▶ [Prompt] Give back the records that follow exactly, images excluded.

▶ [Available records]
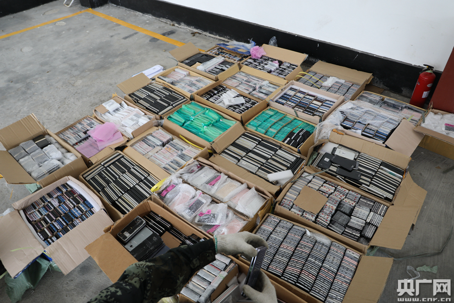 惠州海事局清點(diǎn)檢查電子產(chǎn)品(央廣網(wǎng)發(fā) 通訊員供圖)
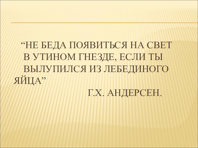УТИНОМ ГНЕЗДЕ, ЕСЛИ ТЫ ВЫЛУПИЛСЯ ИЗ ЛЕБЕДИНОГО ЯЙЦА” Г.Х. АНДЕРСЕН.
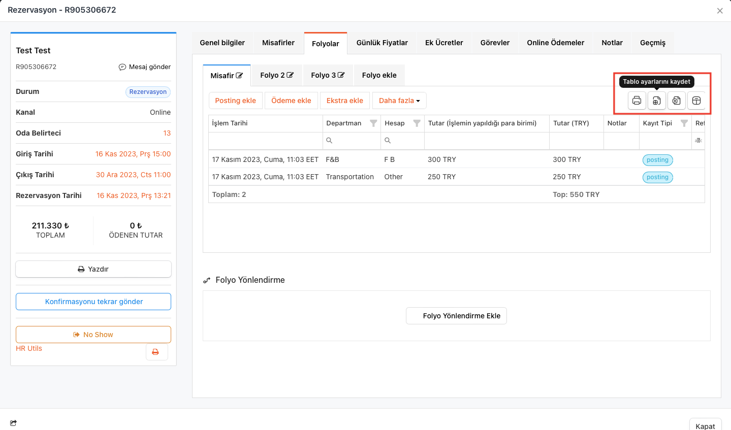 Rezervasyon ekranı folyolar sekmesi nasıl yönetilir
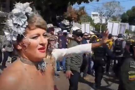 Todo, por cuenta del amplio despliegue de seguridad alrededor de Verónica Alcocer. Este desfile se ha caracterizado por el contacto directo entre danzantes y el público instalado a lado y lado de la vía. Eso diferencia al Carnaval de la 44 de otros eventos.
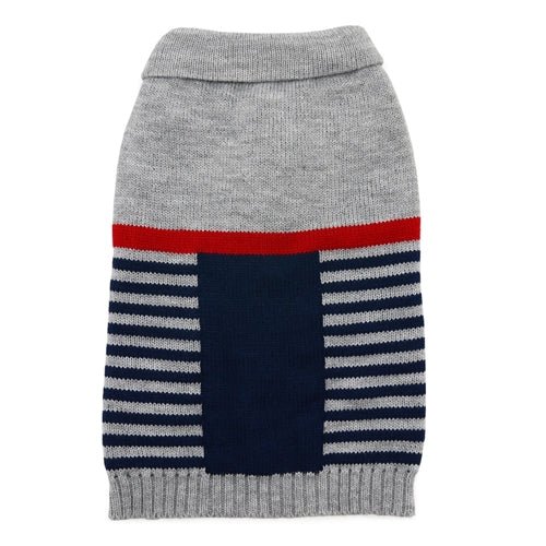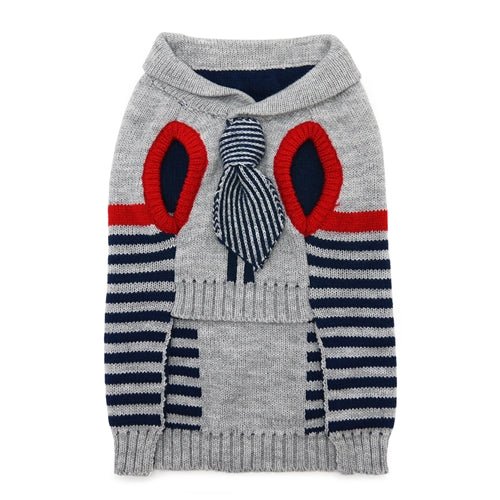 Preppy Necktie Sweater in BlueContrasting stripe sweater with high collar and cute matching necktie.
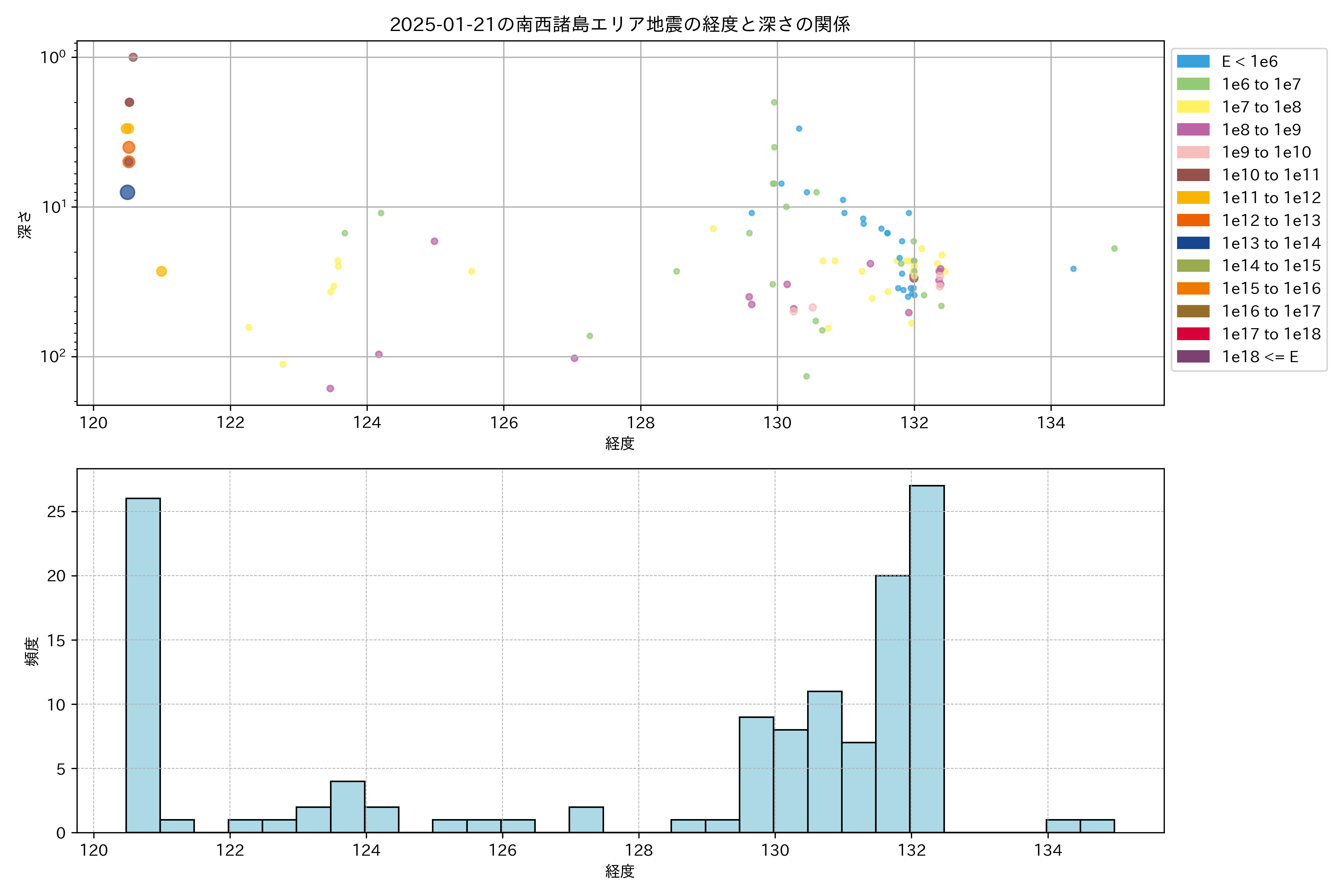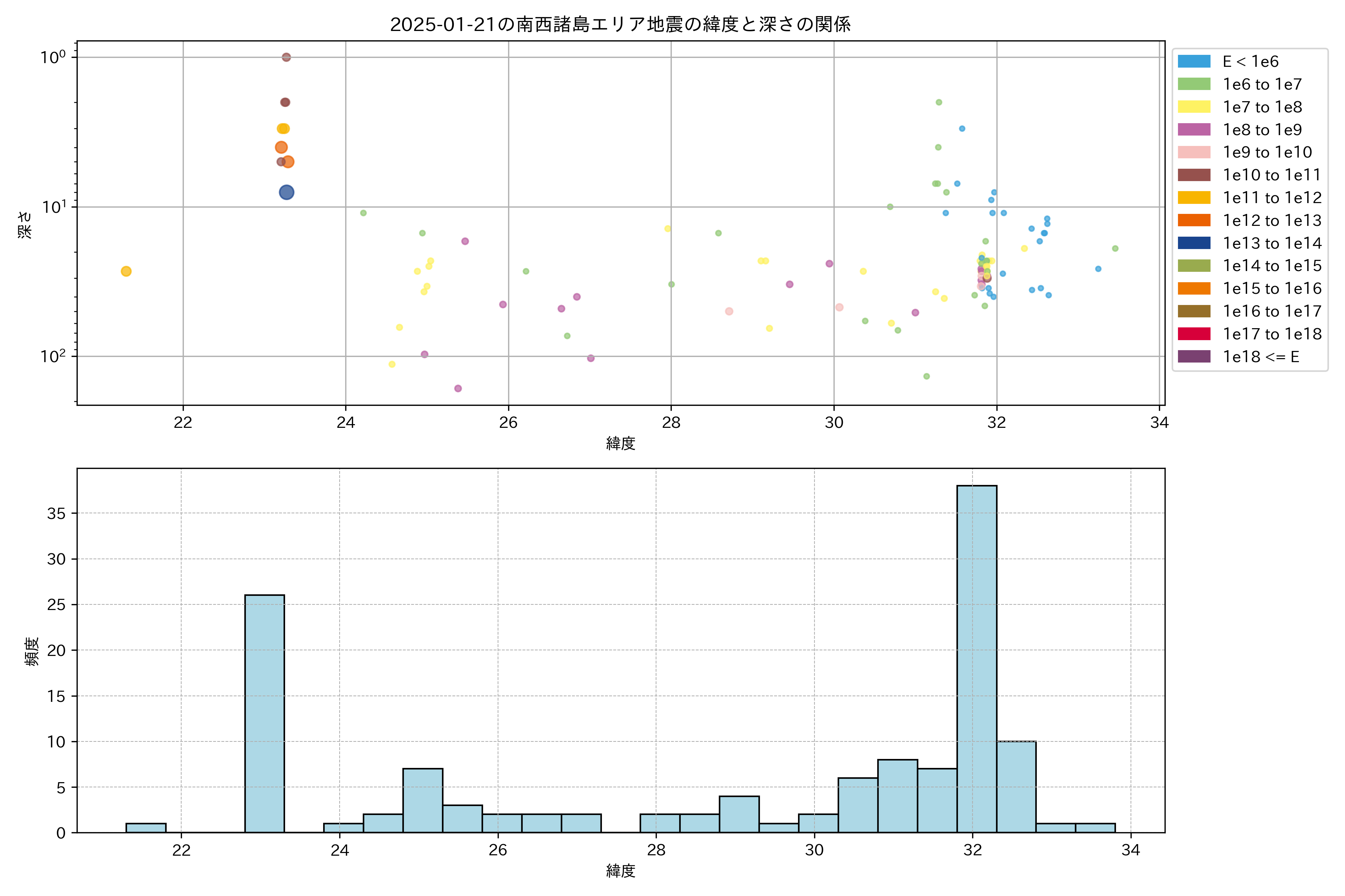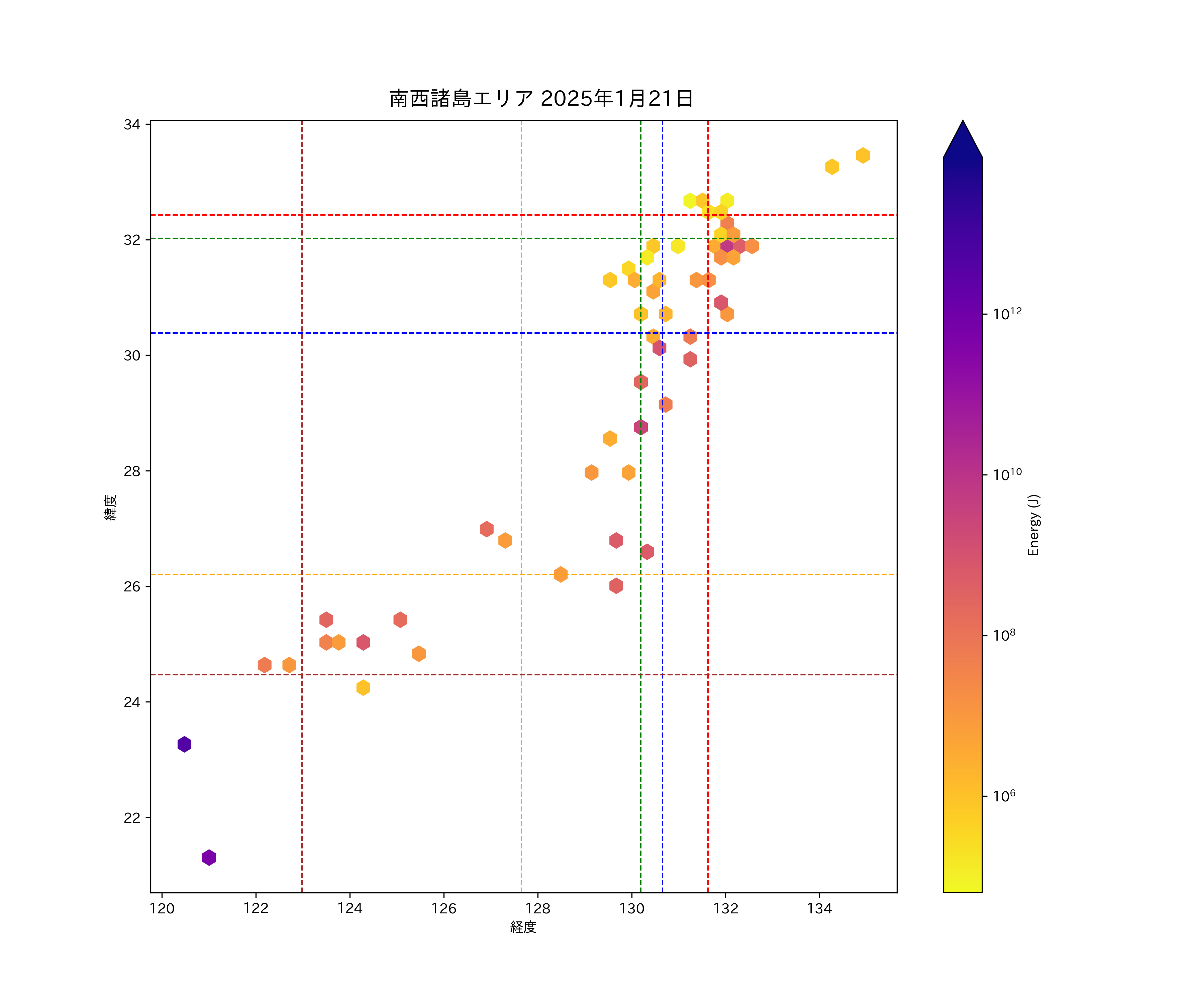 2025年01月21日南西諸島エリア震源マップ

▶ [Answer for this exercise]
 惠州海事局清點(diǎn)檢查電子產(chǎn)品(央廣網(wǎng)發(fā) 通訊員供圖)
УТИНОМ ГНЕЗДЕ, ЕСЛИ ТЫ ВЫЛУПИЛСЯ ИЗ ЛЕБЕДИНОГО ЯЙЦА” Г.Х. АНДЕРСЕН.
 Rezervasyon ekranı folyolar sekmesi nasıl yönetilir
 Todo, por cuenta del amplio despliegue de seguridad alrededor de Verónica Alcocer. Este desfile se ha caracterizado por el contacto directo entre danzantes y el público instalado a lado y lado de la vía. Eso diferencia al Carnaval de la 44 de otros eventos.
 Preppy Necktie Sweater in BlueContrasting stripe sweater with high collar and cute matching necktie.
 2025年01月21日南西諸島エリア震源マップ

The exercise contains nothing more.